By SarahB | Leave A Comment
From my moment my youngest daughter was born, she was nearly 180 degrees different from her older sister. While my oldest, The Princess, was a good sleeper who adopted “through the night” sleep habits by six weeks of age, my youngest daughter Pumpkin STILL wakes up at night sometimes — and she’s now four years old!
While The Princess is an even-tempered, conflict avoidant kid, Pumpkin is outspoken and doesn’t hold back (though it’s partly a function of being four, The Princess was never like this).
Initially, when The Princess was born and her temperament and personality was so different than my stepson’s I thought to myself, “Well, they only share half the genetics and they live in totally different environments. OF COURSE they’re going to have differences.” Of course, that theory had to be amended when Pumpkin was born — because even though she and her sister have the same pair of genetic contributors and live in the same house under the same rules, the two of them are like night and day.
And that’s fine.
I mean, to some degree it keeps me and Hubby on our “parenting game”. Clearly, a one size fits all approach isn’t going to work with both kids. We’ve had to adapt and tailor our parenting strategies somewhat, to best meet the needs of each child. Now, that doesn’t mean that each kid has a different set of rules, per se. No, our expectations are the same for each of our daughters (and Stepson too when he’s in our home) – but the way in which we communicate those expectations is different.
In the classroom, I’m finding that our kids carry on their differences even when not under our roof. The Princess thrives when she is challenged and is excelling in her classes. She likes to know exactly what is expected of her, what happens when, and where she’ll be at any particular time. Pumpkin needs a little more freedom – she doesn’t want to follow a schedule, necessarily (though she’ll have to learn how), as long as the end product is the same, she prefers a more fluid path to reaching that point.
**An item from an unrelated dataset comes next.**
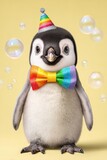 Cute penguin chick wearing a rainbow bow tie and colorful party hat

So what does that mean, exactly? Well, I’m finding that as a parent it means that sometimes it’s not enough to just be satisfied that once the children are out the door that the teachers have everything figured out. I have hesitated to get involved but after a talk with The Princess’s teacher, during which I said, “I really don’t want to step on your toes!” she told me, “I have a background in education. YOU have a background in your child.”
No one knows your child and his or her temperament like you do. Sometimes a cookie cutter approach isn’t going to cut it – in the house or at school. Keep the lines of communication open with your child’s teacher and keep your eyes open, but most importantly embrace your child for all his or her quirks and traits and characteristics that make him or her the kiddo you love so much.